Sabi things carry the burden of their years with
dignity and grace: the chilly mottled surface of an oxidized silver bowl, the
yielding gray of weathered wood, the elegant withering of a bereft autumn
bough. An old car left in a field to rust, as it transforms from an eyesore
into a part of the landscape, could be considered America's contribution to the
evolution of sabi. An abandoned barn, as it collapses in on itself, holds this
mystique.
There's an aching poetry in things that carry this
patina, and it transcends the Japanese. We Americans are ineffably drawn to old
European towns with their crooked cobblestone streets and chipping plaster, to
places battle scarred with history much deeper than our own.

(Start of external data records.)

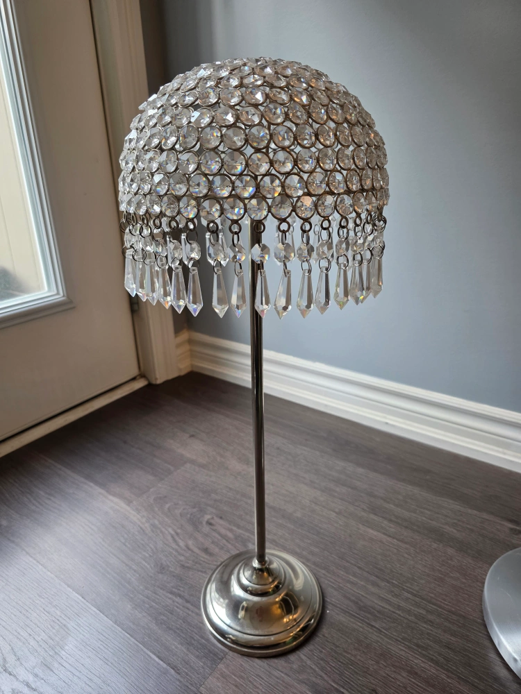 Pretty crystal lamp with a metal stand. The lamp's shade is composed of crystals and it takes 3 AA batteries to light up.
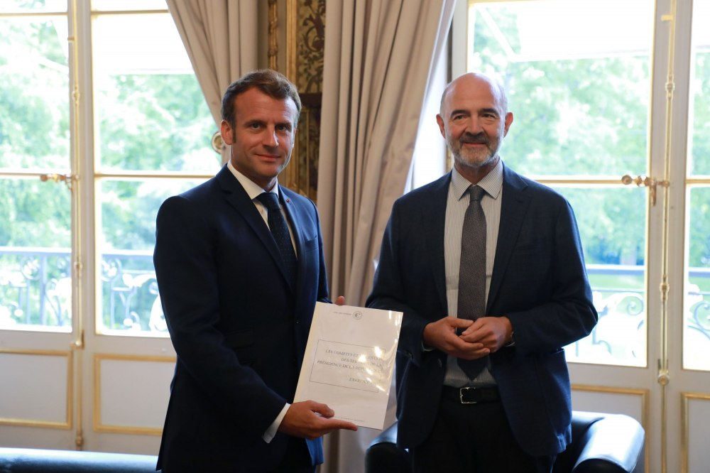 E. Macron reçoit le Rapport annuel de la Cour des Comptes par P. Moscovici, Paris, 28 juillet 2020 - - @AFP
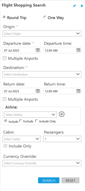 - Cliquez sur RECHERCHER pour afficher la réponse Flight Shopping. Consultez les résultats de Fare Shopping pour plus d’informations sur l’utilisation des réponses Fare Shopping.
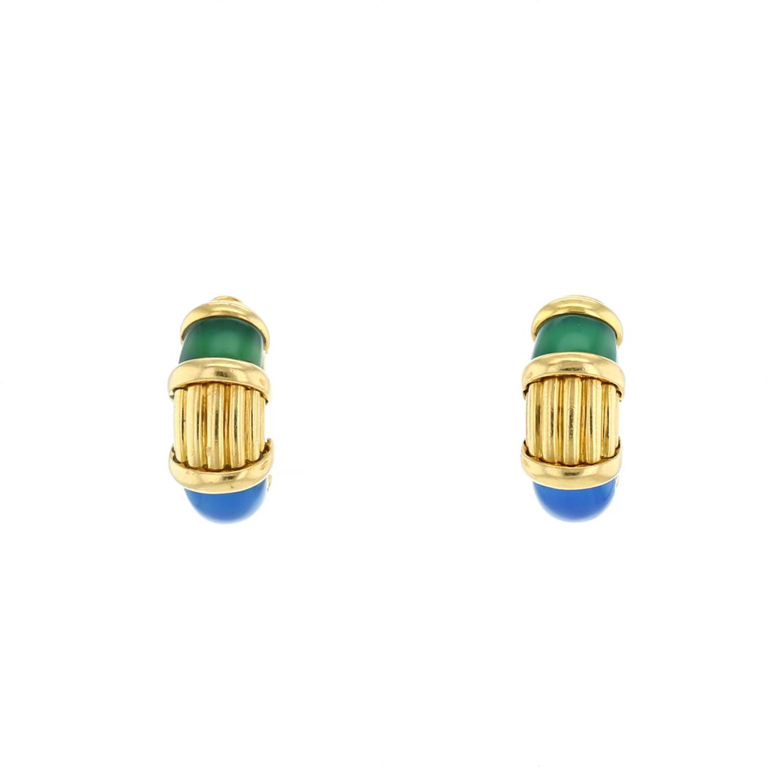 Pendientes Hermès de oro amarillo, de ágata, y en crisoprasa, compuestos de bonitos circulos gruesos de oro amarillo, adornados de cabujones de ágata azul y de crisoprasa, realzados en el centro de motivos gallonados de oro amarillo.
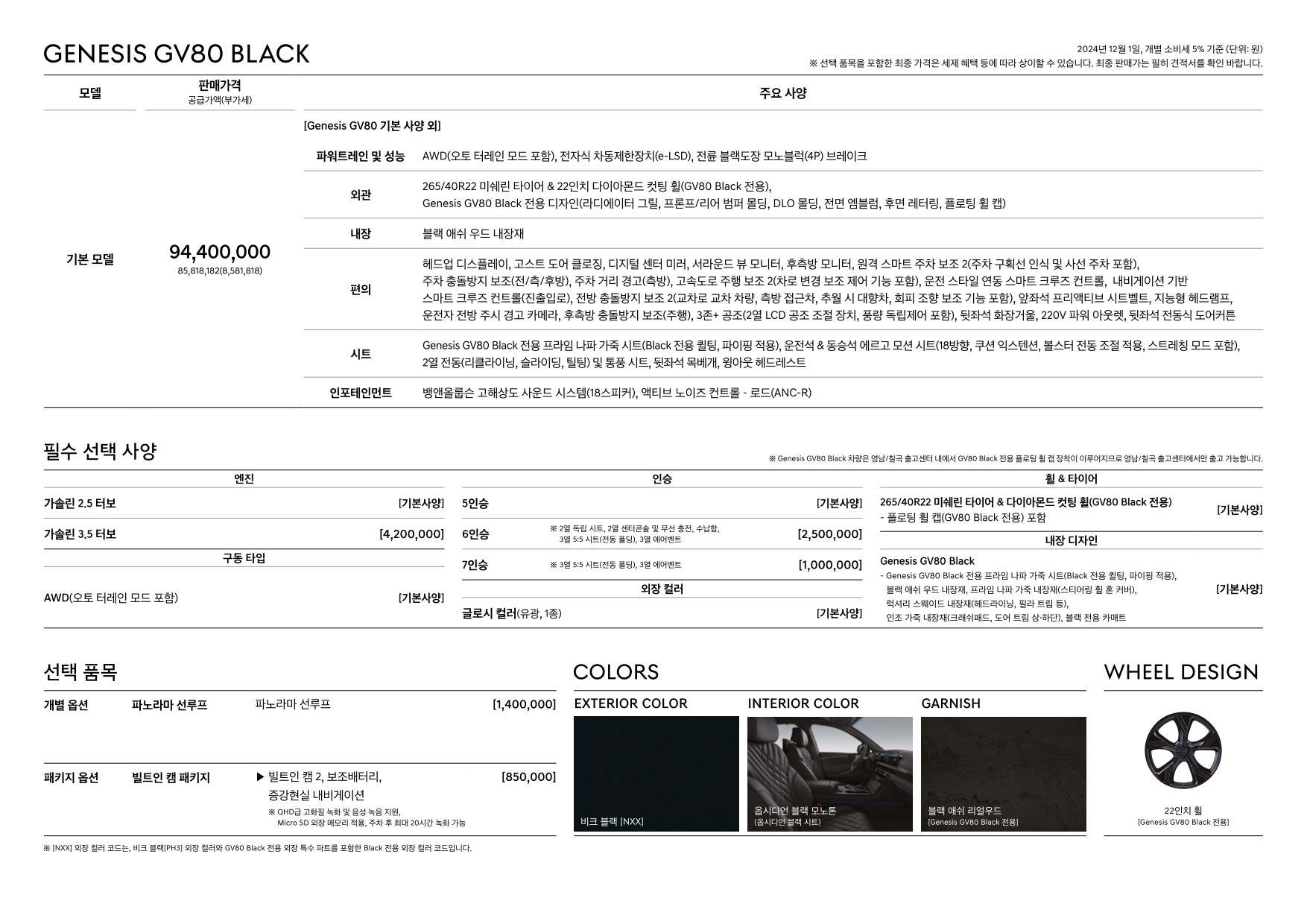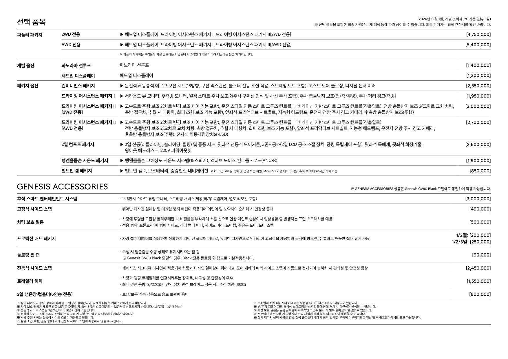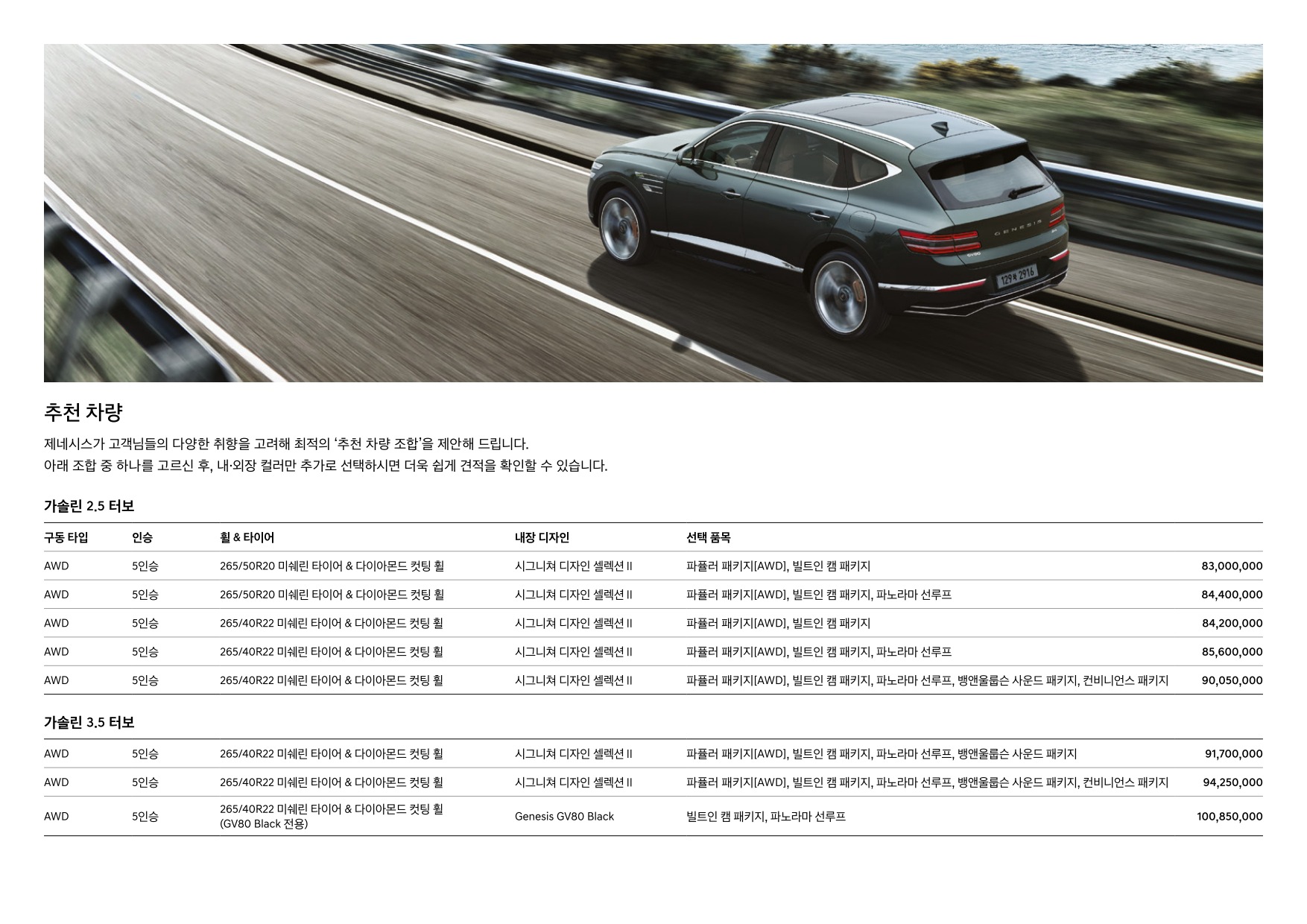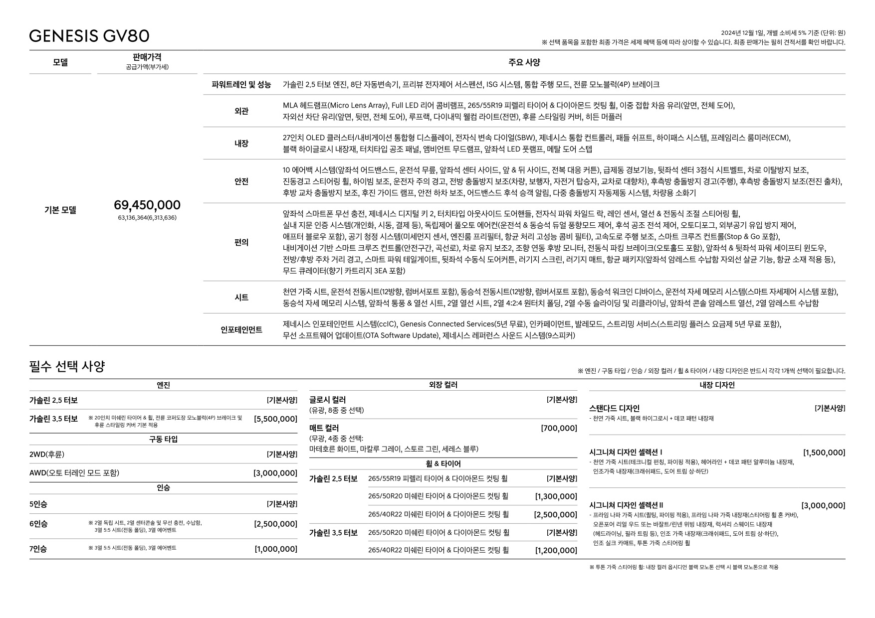 2024년 12월 제네시스 GV80 신차가격표
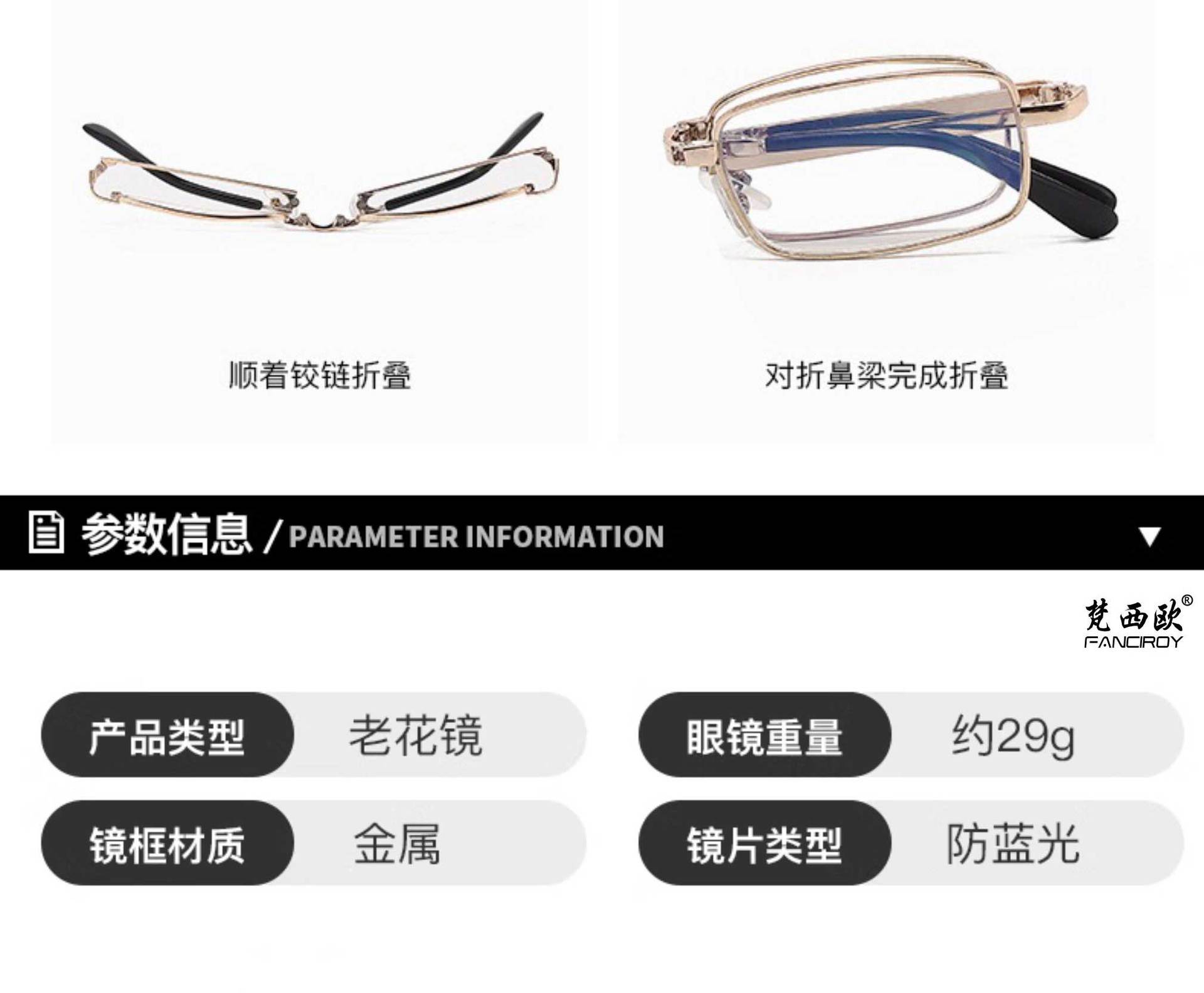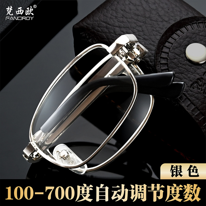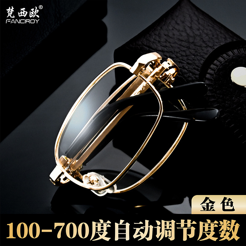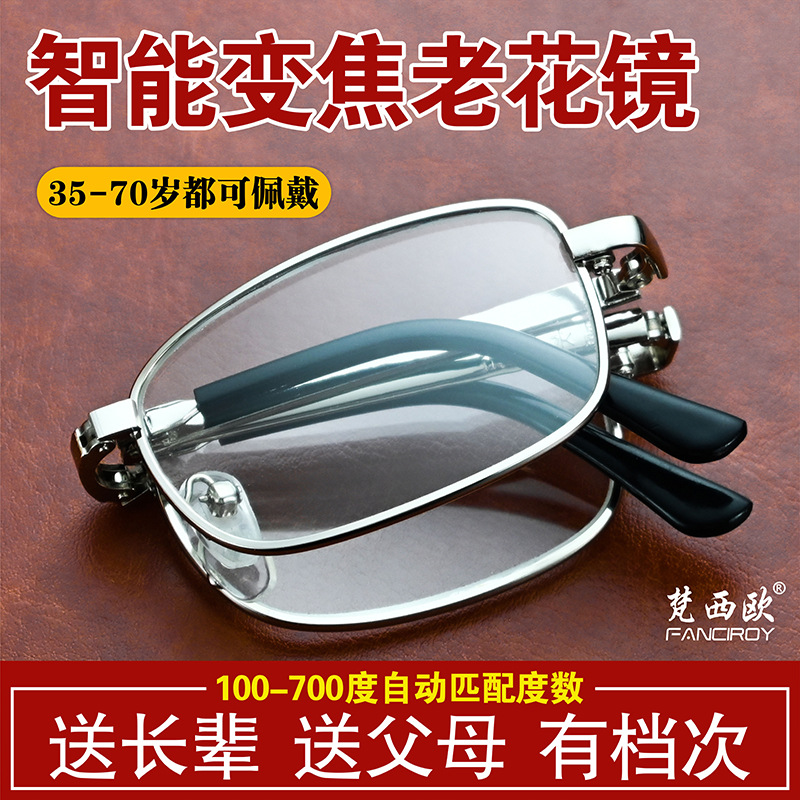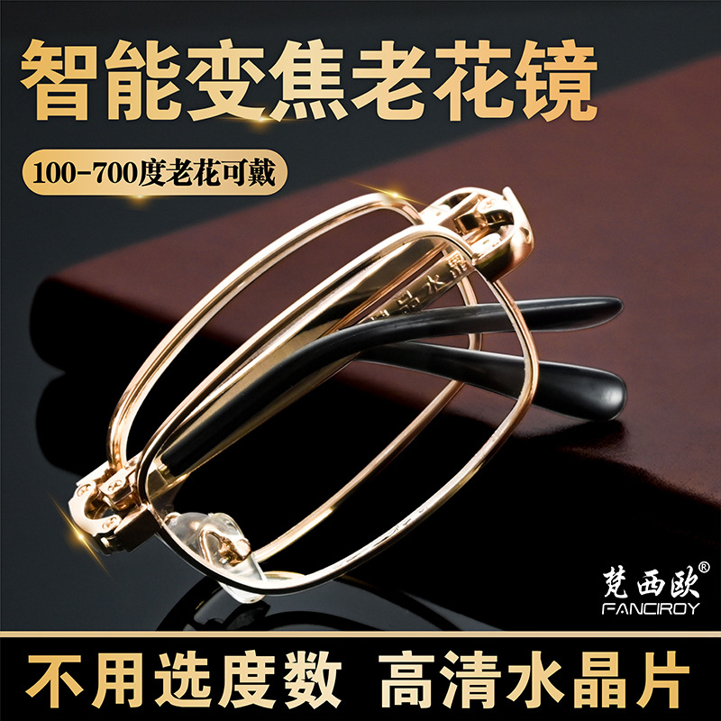 金属便携折叠老花镜智能调节度数中老年水晶玻璃防蓝光眼镜厂批发

We seek sabi in
antiques and even try to manufacture it in distressed furnishings. True sabi
cannot be acquired, however. It is a gift of time.
So now we have wabi, which is humble and simple, and
sabi, which is rusty and weathered. And we've thrown these terms together into
a phrase that rolls off the tongue like Ping-Pong. Does that mean, then, that
the wabi-sabi house is full of things that are humble, plain, rusty, and
weathered? That's the easy answer. The amalgamation of wabi and sabi in
practice, however, takes on much more depth.
In home decor, wabi-sabi inspires a minimalism that
celebrates the human rather than the machine. Possessions are pared down, and
pared down again, until only those that are necessary for their utility or
beauty (and ideally both) are left. What makes the cut? Items that you both
admire and love to use, like those hand-crank eggbeaters that still work just
fine. Things that resonate with the spirit of their makers' hands and hearts:
the chair your grandfather made, your six-year-old's lumpy pottery, an afghan
you knitted yourself (out of handspun sheep's wool, perhaps). Pieces of your
own history: sepia-toned ancestral photos, baby shoes, the Nancy Drew mysteries
you read over and over again as a kid.
Wabi-sabi interiors tend to be muted, dimly lit, and
shadowy-giving the rooms an enveloping, womblike feeling. Natural materials
that are vulnerable to weathering, warping, shrinking, cracking, and peeling
lend an air of perishability. The palette is drawn from browns, blacks, grays,
earthy greens, and rusts. This implies a lack of freedom but actually affords
an opportunity for innovation and creativity. In Japan, kimonos come in a
hundred different shades of gray. You simply have to hone your vision so you can see, and feel, them all.